→ **THE TASK**:
Nothing outside the lines below from the one containing "Penco® AFTER ACTIVITY" through the one containing "如果說普通酸奶是清爽,那這道" is to be printed; print those exactly, ends included, and drop the pictures.

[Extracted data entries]
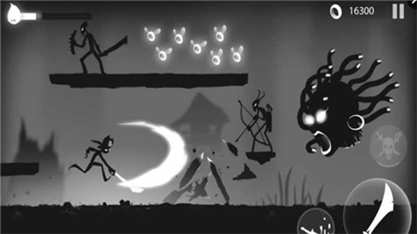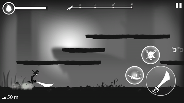 3、采用极简黑白阴影美术风格,摒弃繁杂色彩,用强烈的明暗对比凸显战斗的凌厉与刺激。
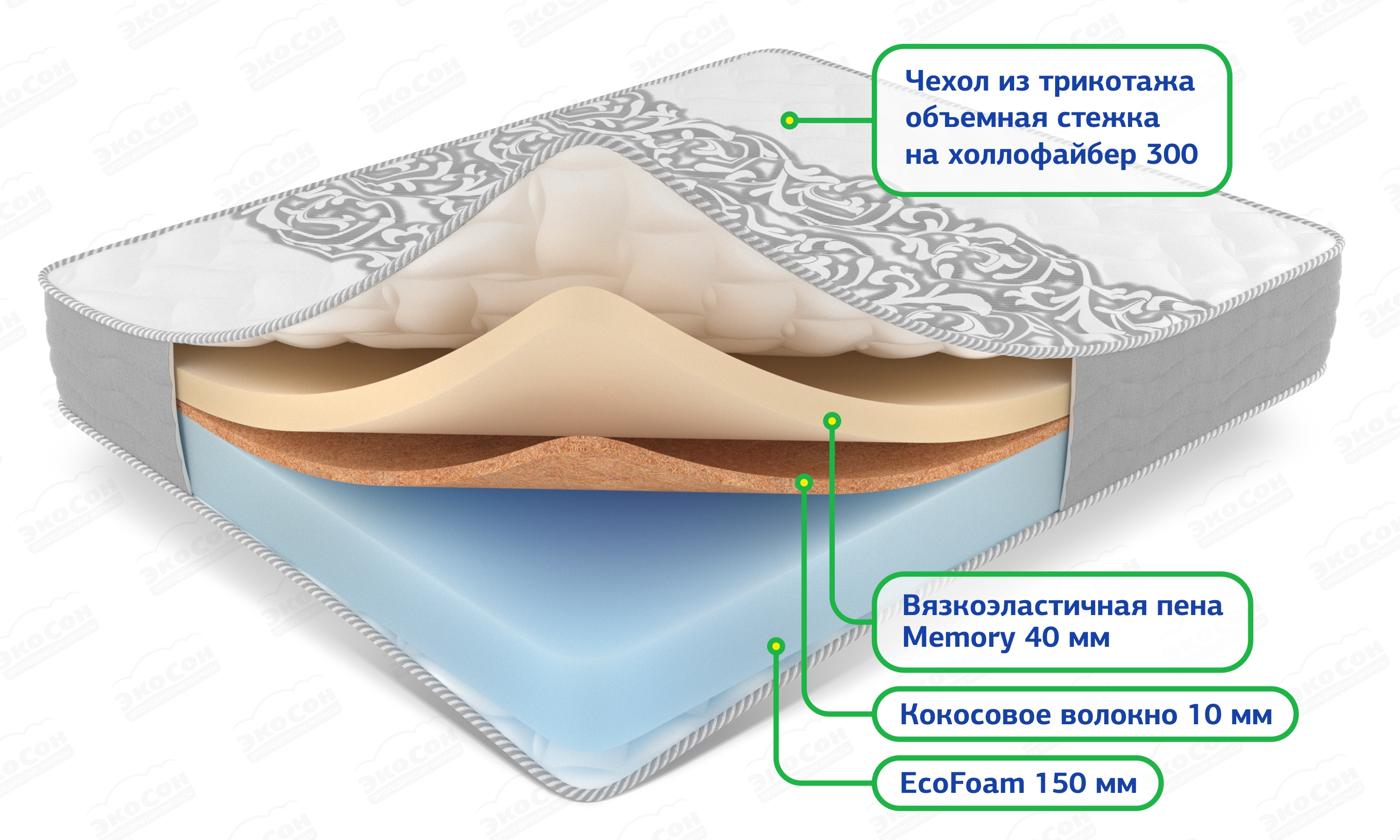 Матрас стандартной высоты Relax Mix сделан из упругой пены EcoFoam и вязкоэластичной пены Memory с эффектом памяти. Для чехла используется практичный трикотаж с объемной стежкой на Hollcon 300. Стороны матраса асимметричны по жесткости и упругости. Модель обладает ортопедическим и анатомическим эффектом, позволяет высыпаться наиболее продуктивно. Пена EcoFoam обладает высокой плотностью и хорошей упругостью. Она отвечает за восприятие нагрузки и поддержку позвоночника. Формирует сторону умеренной жесткости. Уникальная пена Memory Foam обладает вязкоэластичными свойствами. Она подстраивается под силуэт пользователя, не оказывает на ткани тела обратного давления, сохраняет правильное кровообращение. Используется с более мягкой стороны. Оба материала — дышащие, гипоаллергенные и экологичные. Между слоями матрас дополнен кокосовым волокном для предания ровности и жесткости.
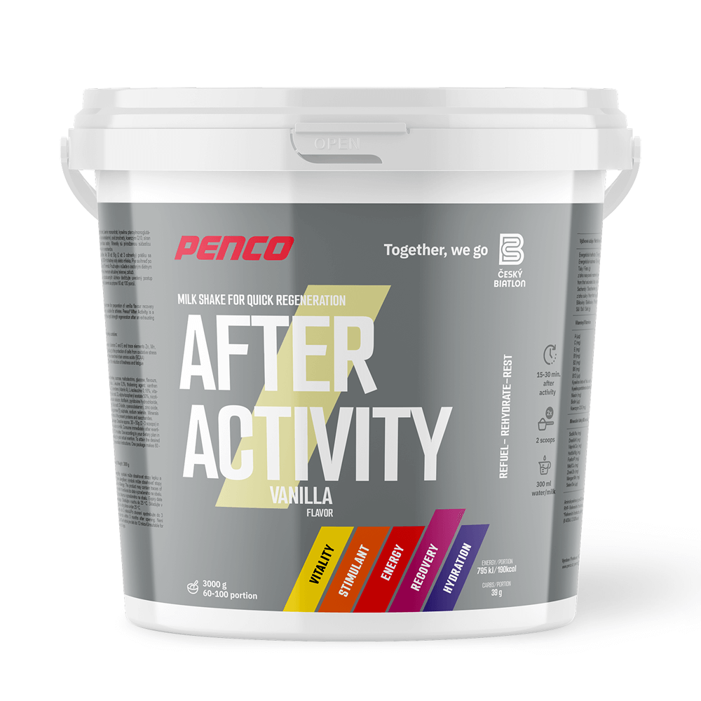 Penco® AFTER ACTIVITY je energetický regeneračný nápoj, obnovujúci po záťaži (tréningu, pretekoch či nadmernej fyzickej námahe) rovnováhu v organizme. Dopĺňa zásoby glykogénu vo svaloch a pečeni, a tým pomáha predchádzať potréningovým katabolickým procesom. Energiu dodávajú nielen jednoduché cukry (sacharóza, glukóza), ale aj vyššie molekulárne polysacharidy, aminokyseliny a proteíny. Bielkovinovou zložkou sú srvátkové proteíny s vysokou biologickou hodnotou, ktoré sa pomerne rýchlo resorbujú a pomáhajú prepnúť katabolický proces na anabolický.
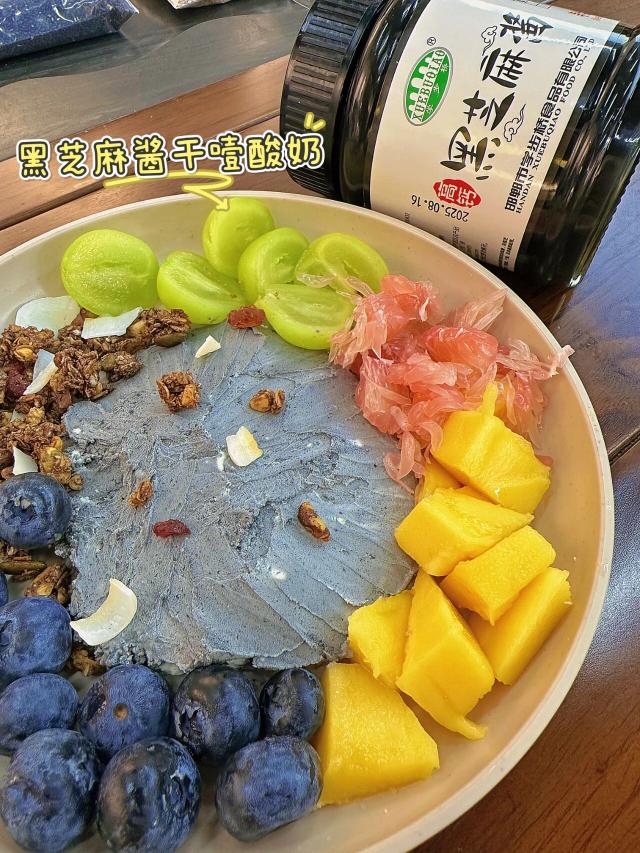 如果說普通酸奶是清爽,那這道“干噎酸奶” 就是把幸福感拉滿的綿密炸彈!黑芝麻醬的堅(jiān)果香和濃稠酸奶碰撞,挖一勺像在吃冰淇淋,還能嚼到脆生生的堅(jiān)果碎,解膩又頂飽,當(dāng)早餐或下午茶都超合適~
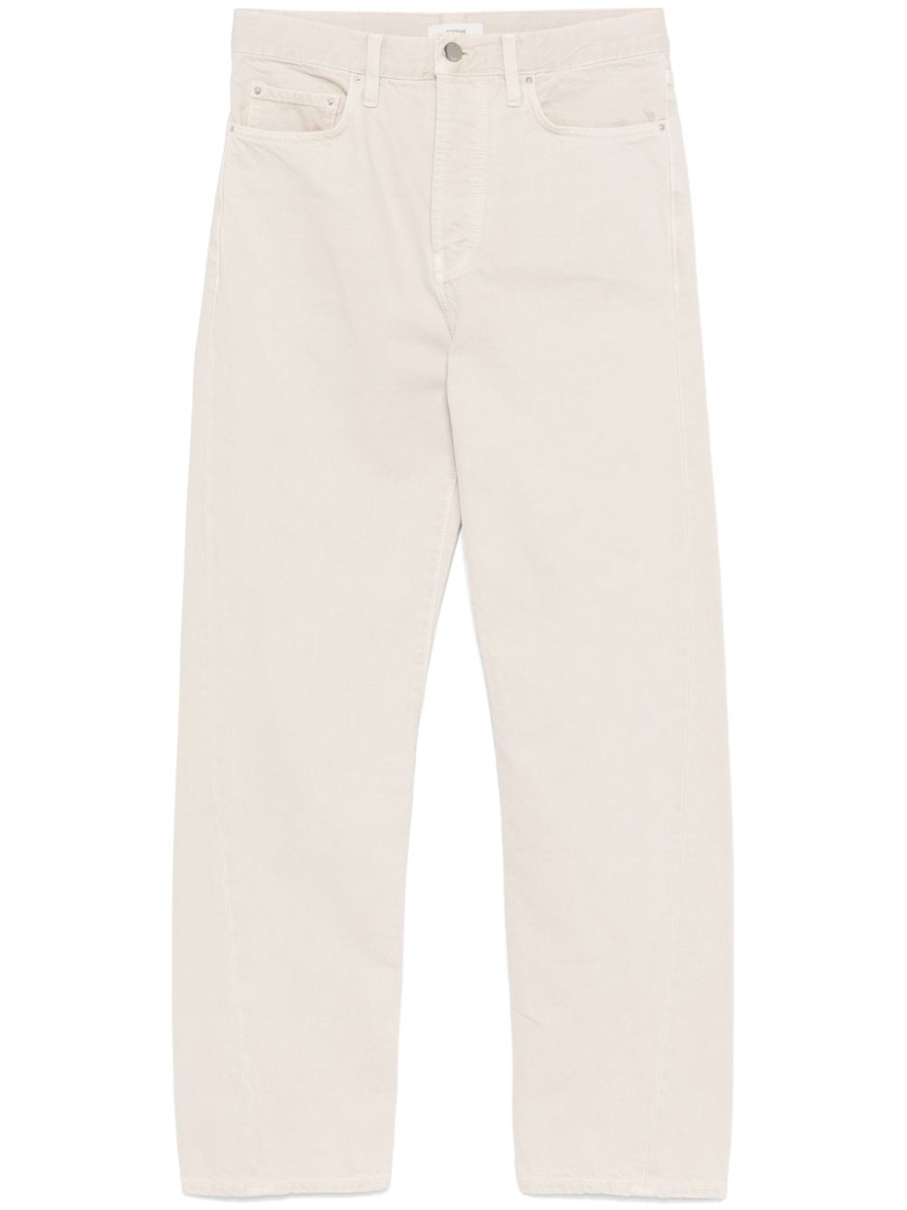 twisted-seam jeans Highlights - Light beige - Front button fastening - Belt loops Imported Composition Organic Cotton 100% SIZE & FIT Model measurements Height 5 ft 11 in(1.8 m) Bust/Chest 31.49 in(80 cm) Hips 35.82 in(91 cm) Waist 24.8 in(63 cm) Measurement FRONT RISE 12.59 in(32 cm) HIPS 39.37 in(100 cm) WAIST 29.92 in(76 cm) FittingInformation Designed for a straight-leg fit, these jeans allow for a close fit at the waist and an unrestricted and comfortable fit over the leg Sturdy and hard-wearing, this denim piece offers no stretch
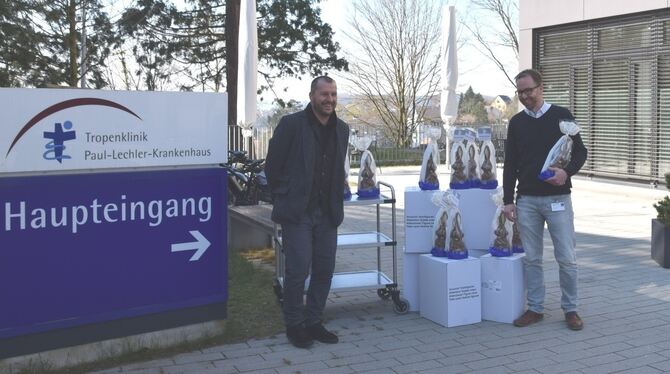 14:26 Uhr Das Reutlinger Unternehmen Reiff Technische Produkte liefert die nächste Ladung Nervennahrung an eine medizinische Einrichtung. Gestern war das Klinikum am Steinenberg dran, heute hat die Tübinger Tropenklinik 80 XXL-Schokohasen bekommen. Die Hasen seien ursprünglich für die Kunden gedacht gewesen, schreibt die Firma auf seiner Facebookseite. Aufgrund der Pandemie konnten die Süßigkeiten jedoch nicht ausgeliefert werden. (ege)

→ **SOLUTION TO THE PROBLEM**:
 Penco® AFTER ACTIVITY je energetický regeneračný nápoj, obnovujúci po záťaži (tréningu, pretekoch či nadmernej fyzickej námahe) rovnováhu v organizme. Dopĺňa zásoby glykogénu vo svaloch a pečeni, a tým pomáha predchádzať potréningovým katabolickým procesom. Energiu dodávajú nielen jednoduché cukry (sacharóza, glukóza), ale aj vyššie molekulárne polysacharidy, aminokyseliny a proteíny. Bielkovinovou zložkou sú srvátkové proteíny s vysokou biologickou hodnotou, ktoré sa pomerne rýchlo resorbujú a pomáhajú prepnúť katabolický proces na anabolický.
 如果說普通酸奶是清爽,那這道“干噎酸奶” 就是把幸福感拉滿的綿密炸彈!黑芝麻醬的堅(jiān)果香和濃稠酸奶碰撞,挖一勺像在吃冰淇淋,還能嚼到脆生生的堅(jiān)果碎,解膩又頂飽,當(dāng)早餐或下午茶都超合適~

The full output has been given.